Studio album by Korn
- Released: October 21, 2016
- Recorded: 2015–2016
- Studio: Rock Falcon Studio, Nashville, Tennessee; Buck Owens Studio, Bakersfield, California; Steakhouse Studios, North Hollywood, Los Angeles;
- Genre: Nu metal; alternative metal;
- Length: 40:34
- Label: Roadrunner
- Producer: Nick Raskulinecz

Korn chronology
| The Paradigm Shift (2013) | The Serenity of Suffering (2016) | The Nothing (2019) |

Singles from The Serenity of Suffering
- "Rotting in Vain" Released: July 22, 2016; "Take Me" Released: November 1, 2016; "Black Is the Soul" Released: June 7, 2017; "Insane" Released: August 21, 2016; "A Different World" Released: October 21, 2016;

= The Serenity of Suffering =

The Serenity of Suffering is the twelfth studio album by American nu metal band Korn. It was released on October 21, 2016. According to guitarist Brian Welch, it is "heavier than anyone's heard us in a long time" and it contains their most intense vocals and music in recent times.

==Background==
The band began working on their follow up to The Paradigm Shift in 2015, with Head claiming that it would be "heavier than anyone's heard [us] in a long time". It's the first album to feature significant songwriting contributions from Head since he rejoined the band in 2013. The song "Take Me" was originally written by Jonathan Davis for his debut solo album, but after hearing it, the rest of Korn re-wrote the track and decided to include it on The Serenity of Suffering.

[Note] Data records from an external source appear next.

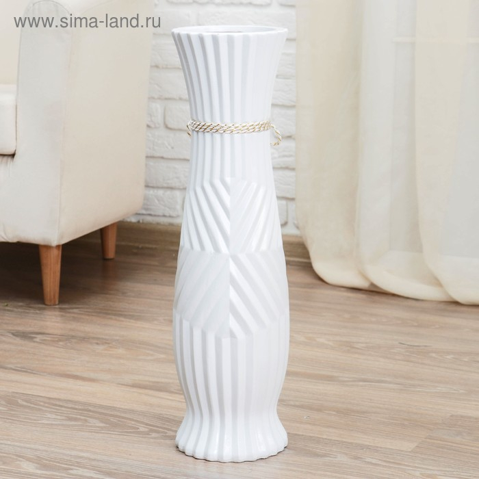 Ваза керамика напольная "Данте" зигзаг со шнурком талия, 16х60 см, белый
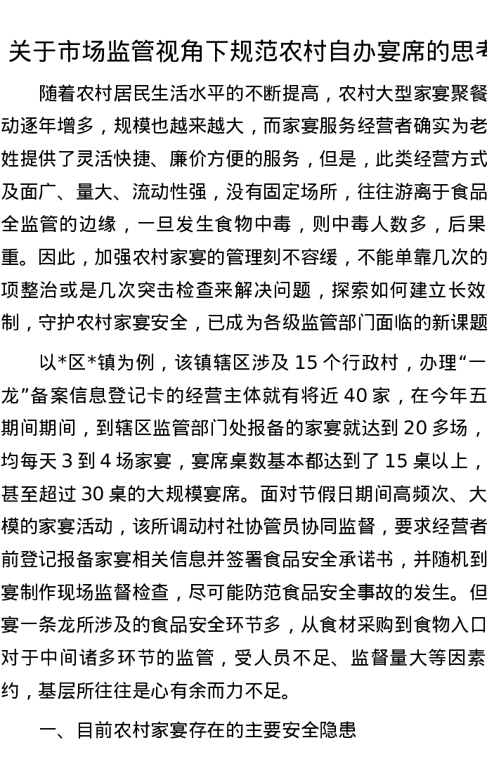 关于市场监管视角下规范农村自办宴席的思考
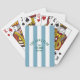 Estas cartas de jogar são perfeitas para os seus encontros ao lago... Listras de cabana azul com crista verde distante do clube do lago. Personalize com os detalhes do seu encontro... ano, lago e destino. Perfeito para uma viagem de lago de família ou amigos, festa de lago ou bachelorette de lago. Acessórios correspondentes disponíveis na Coleção de faixas náuticas azuis do Lake Club.
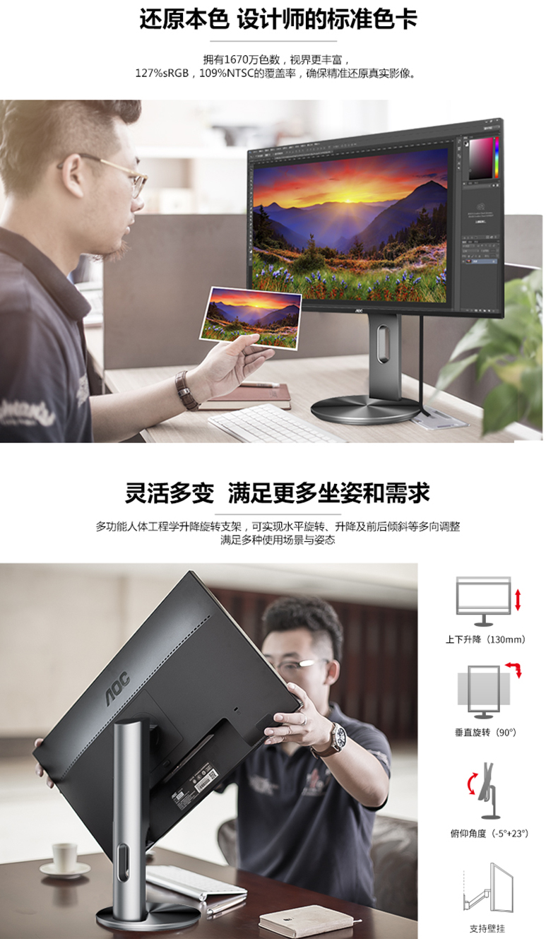 商品名称:AOC(冠捷) 23.8英寸 IPS 可升降旋转显示器
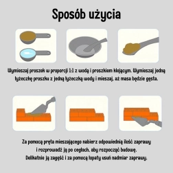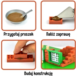 Valdymas paprastas: sumaišykite miltelius su vandeniu santykiu 1:1, tepkite skiedinį mentelėmis ir dėkite plytas sluoksnis po sluoksnio. Baigtą namą pakartotiniam naudojimui galima panardinti į šiltą vandenį 1–3 valandoms – skiedinys ištirps, o dalis galima panaudoti vėl. Vaikiški įrankiai pakuotėje moko teisingų judesių ir lavina smulkiąją motoriką.
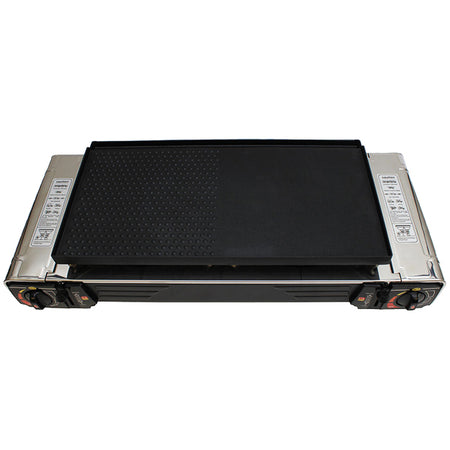 Mit dem 1852 Doppelküchen-/Gasbrenner mit Grillplatte erhalten Sie eine praktische und vielseitige Lösung für das Kochen, egal wo Sie sich befinden. Dieses kompakte Kochgerät kombiniert Kochplatten und Grill, sodass Sie köstliche Gourmetgerichte unter freiem Himmel zubereiten können.
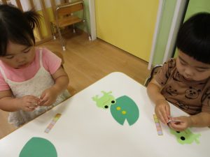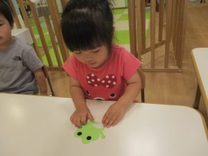 そして、かえると葉っぱにシールを貼ります
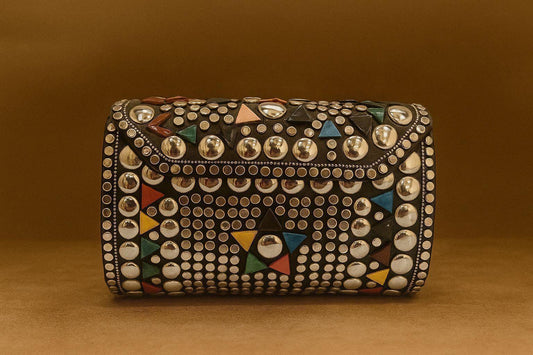 Handcrafted Geometric Studded Clutch - Retro-Mod & Tribal Mosaic Evening Bags
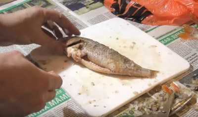 - Последним действием надрезаете брюхо и вытаскиваете потроха. У замороженной рыбы делается это очень легко.
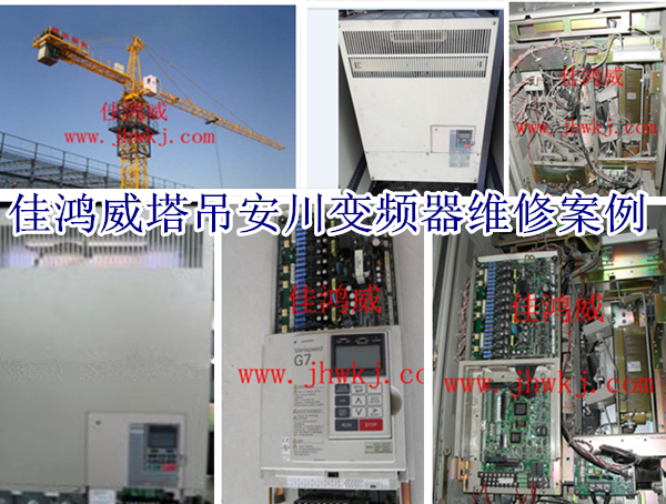 故障分析:塔吊控制柜分别有起升系统,回转系统,变幅系统。在操作室内柜内有两台安川变频器,分别是给变幅及回转电机驱动用的,另有PLC可编程控制器一块,直流低压控制模块两块。中间继电器若干。配电柜在后平衡臂上。内装变频器一台,是给卷扬驱动用的。还有涡流控制模块一个。各类接触器若干。运作原理就是联动台控制信号送入PLC,由PLC输出信号给变频器,变频器再驱动电机带动减速机工作。经过检查为塔吊控制柜一台安川G7-55KW变频器 有短路导致。客户把变频器拆下抬到我司检查,在静态测量发现模块W相和N相有短路。单独拆下控制主板测量没发现问题。上电显示正常,在取消保护测量驱动发 现W相驱动异常更换驱动光耦和稳压二极管、电容后测量正常。在测量模块有W相上下两个模块短路。更换后通电一切正常。发现此问题为W相短路引起。后跟使用 者了解才知道为制动单元短路引起变频器发出响声后通电跳闸。
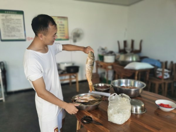 早晨,伙伴们就相约去往菜市场细心挑选蔬菜,网点还带来了乡间的时令美味“稻花鱼”。下午四时,各参赛团队开始处理食材为比赛做准备,六时,厨艺比赛正式开始了,团队队员相互配合,“滋滋滋......”锅中的油沸腾了,“稻花鱼”小心翼翼滑入锅中。“咕嘟咕嘟......”啤酒倒入已经炒好鸭子的大铁锅中,啤酒鸭就快好了。一阵阵香味从厨房飘来,一道道色香味俱全的菜品相继出锅,令大家垂涎欲滴。
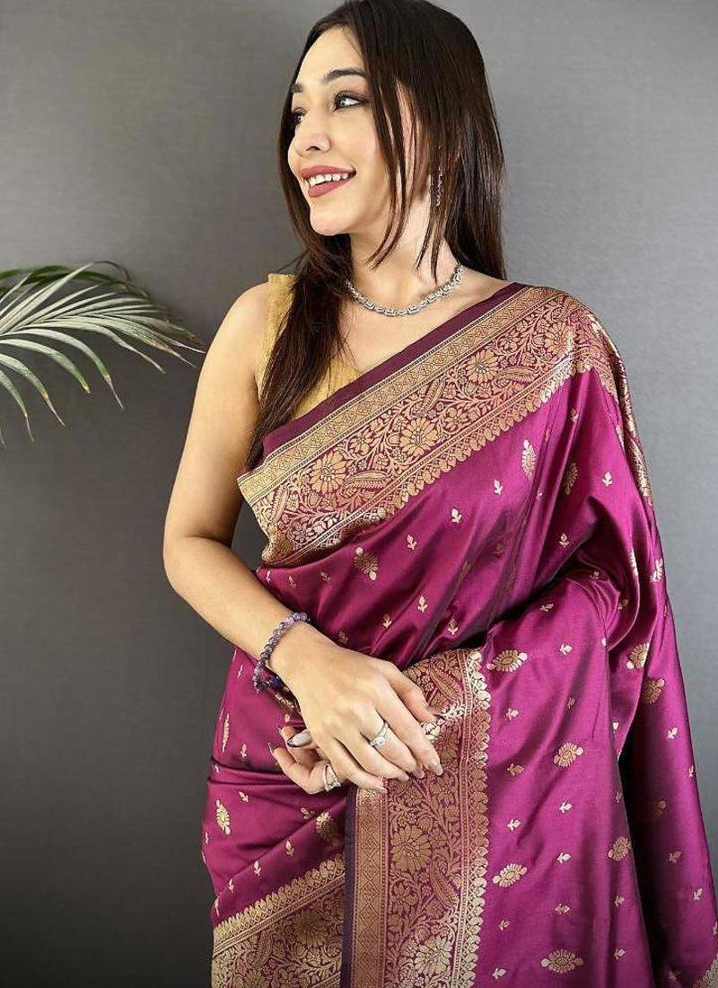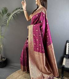 Lichi art silk magenta zari weaving motif banarasi art silk
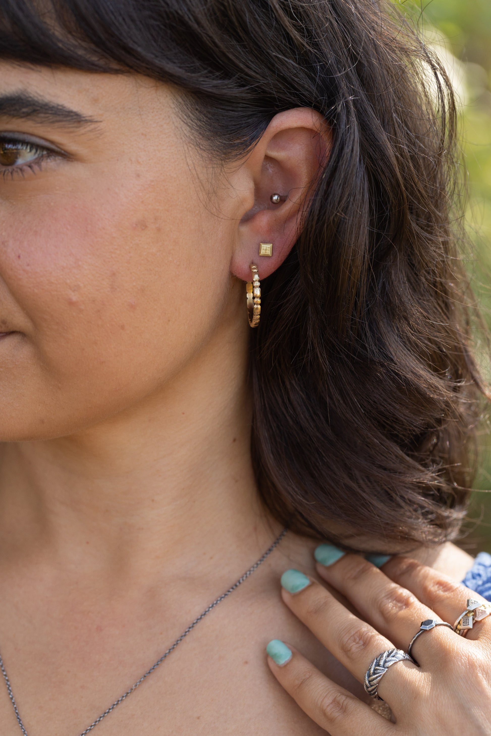Experience everyday elegance with the Mini Signet Studs. Whether you wear them solo or pair them with hoops or dangle earrings, these hand-crafted studs feature intricate flower or star engravings, adding texture, sparkle and a touch of nature imagery to your look.

The artwork includes the stuffed toy from Korn's fourth album, Issues, and was created by Ron English.

== Commercial performance ==
The Serenity of Suffering debuted at number 4 on the US Billboard 200 with 57,000 units, 55,000 of which were pure album sales. As of December 2017, the album has sold 133,000 copies in the US.

== Reception ==

AllMusic wrote: "Without pandering to career-peak nostalgia, Korn deftly execute all the hallmarks that have come to define their sound", calling it "one of their best albums". Metal Hammer wrote: "The Serenity of Suffering is like a selection box of Korn's defining moments."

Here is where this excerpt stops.